Methods and Findings

We included 63 HNSCC transcriptomic studies into three specific categories of comparisons: Pre, premalignant lesions v.s. normal; TvN, primary tumors v.s. normal; and Meta, metastatic or invasive v.s. primary tumors. Reported genes extracted from the literature were systematically analyzed. Participation of differential gene activities across three progressive stages deciphered the evolving nature of HNSCC. In total, 1442 genes were verified, i.e. reported at least twice, with ECM1, EMP1, CXCL10 and POSTN shown to be highly reported across all three stages. Knowledge-based networks of the HNSCC transcriptome were constructed, demonstrating integrin signaling and antigen presentation pathways as highly enriched. Notably, functional estimates derived from topological characteristics of integrin signaling networks identified such important genes as ITGA3 and ITGA5, which were supported by findings of invasiveness in vitro [1]. Moreover, we computed genome-wide probabilities of reporting differential gene activities for the Pre, TvN, and Meta stages, respectively.
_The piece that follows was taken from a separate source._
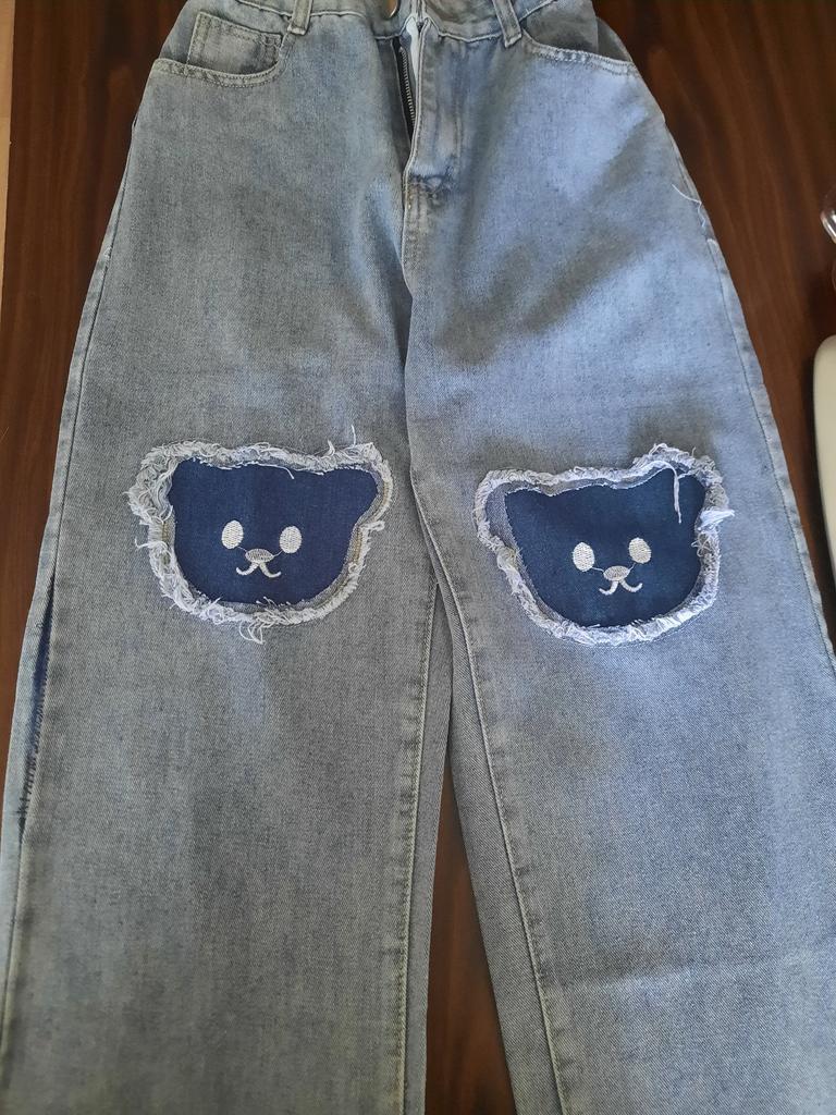 Cute Hip Hop Bear Print Jeans Girls Cool Harm Pants Trousers Female Punk High Waist Denim Pants Autumn Harajuku Jeans — buy online with free worldwide shipping!

Results highlighted chromosomal regions of 6p21, 19p13 and 19q13, where genomic alterations were shown to be correlated with the nodal status of HNSCC [2].

Conclusions

By means of a systems-biology approach via network-based meta-analyses, we provided a deeper insight into the evolving nature of the HNSCC transcriptome. Enriched canonical signaling pathways, hot-spots of transcriptional profiles across the genome, as well as topologically significant genes derived from network analyses were highlighted for each of the three progressive stages, Pre, TvN, and Meta, respectively.

Introduction

Head and Neck Squamous Cell Carcinoma (HNSCC), ranked the 6th common cancer worldwide, has long been recognized with a heterogeneous clinical presentation and a poor prognosis in advanced stages [3]. Historically, decisions to pursue aggressive treatments such as chemoradiotherapy (CRT) or neck dissection, to a very large extent, depended on clinical staging. Many patients suffered from treatment failure due to local recurrence, distant metastases, or the development of second primary HNSCC, even with the utilization of multi-modality treatment options [4]. Nevertheless, understanding mechanisms of tumorigenesis and metastatic progression remains as the most urgent call for future remedy of HNSCC.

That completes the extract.